# [PROBLEM]
When you copy the data, keep every line exactly as written and skip the pictures.

# [INPUT DATA]
● ● ● ●
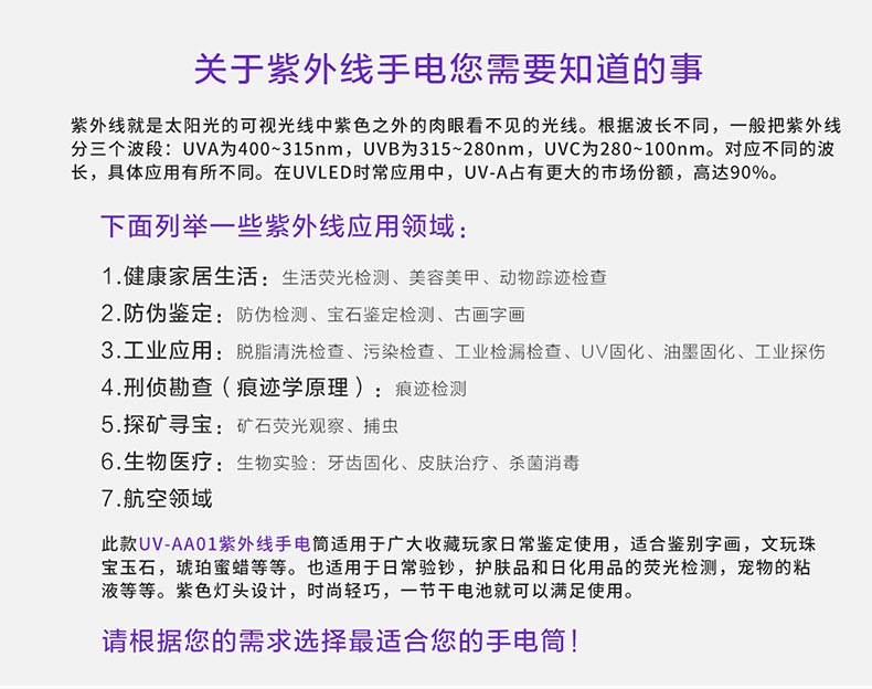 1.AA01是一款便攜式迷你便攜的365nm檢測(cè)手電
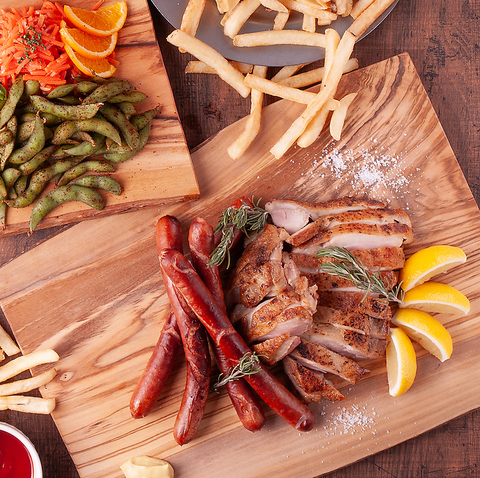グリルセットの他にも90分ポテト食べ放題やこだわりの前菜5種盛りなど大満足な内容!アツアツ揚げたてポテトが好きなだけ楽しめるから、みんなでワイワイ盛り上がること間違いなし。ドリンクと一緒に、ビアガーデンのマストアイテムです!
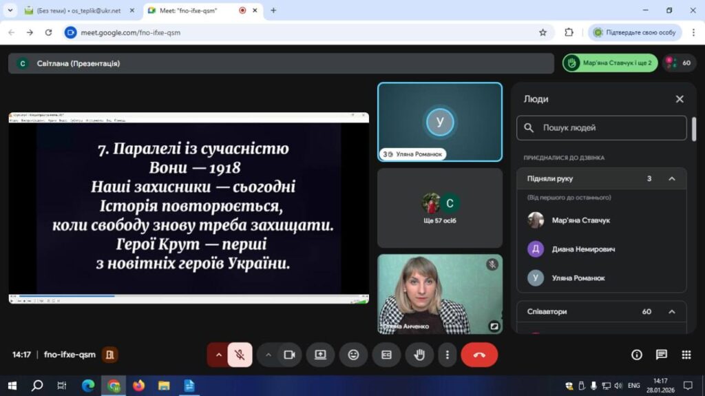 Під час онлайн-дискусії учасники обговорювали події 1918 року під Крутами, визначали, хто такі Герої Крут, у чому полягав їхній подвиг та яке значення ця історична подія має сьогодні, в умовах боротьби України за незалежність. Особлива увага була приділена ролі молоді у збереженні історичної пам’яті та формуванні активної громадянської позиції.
● ● ● ●
# [SOLVED PROBLEM]
 1.AA01是一款便攜式迷你便攜的365nm檢測(cè)手電
グリルセットの他にも90分ポテト食べ放題やこだわりの前菜5種盛りなど大満足な内容!アツアツ揚げたてポテトが好きなだけ楽しめるから、みんなでワイワイ盛り上がること間違いなし。ドリンクと一緒に、ビアガーデンのマストアイテムです!
 Під час онлайн-дискусії учасники обговорювали події 1918 року під Крутами, визначали, хто такі Герої Крут, у чому полягав їхній подвиг та яке значення ця історична подія має сьогодні, в умовах боротьби України за незалежність. Особлива увага була приділена ролі молоді у збереженні історичної пам’яті та формуванні активної громадянської позиції.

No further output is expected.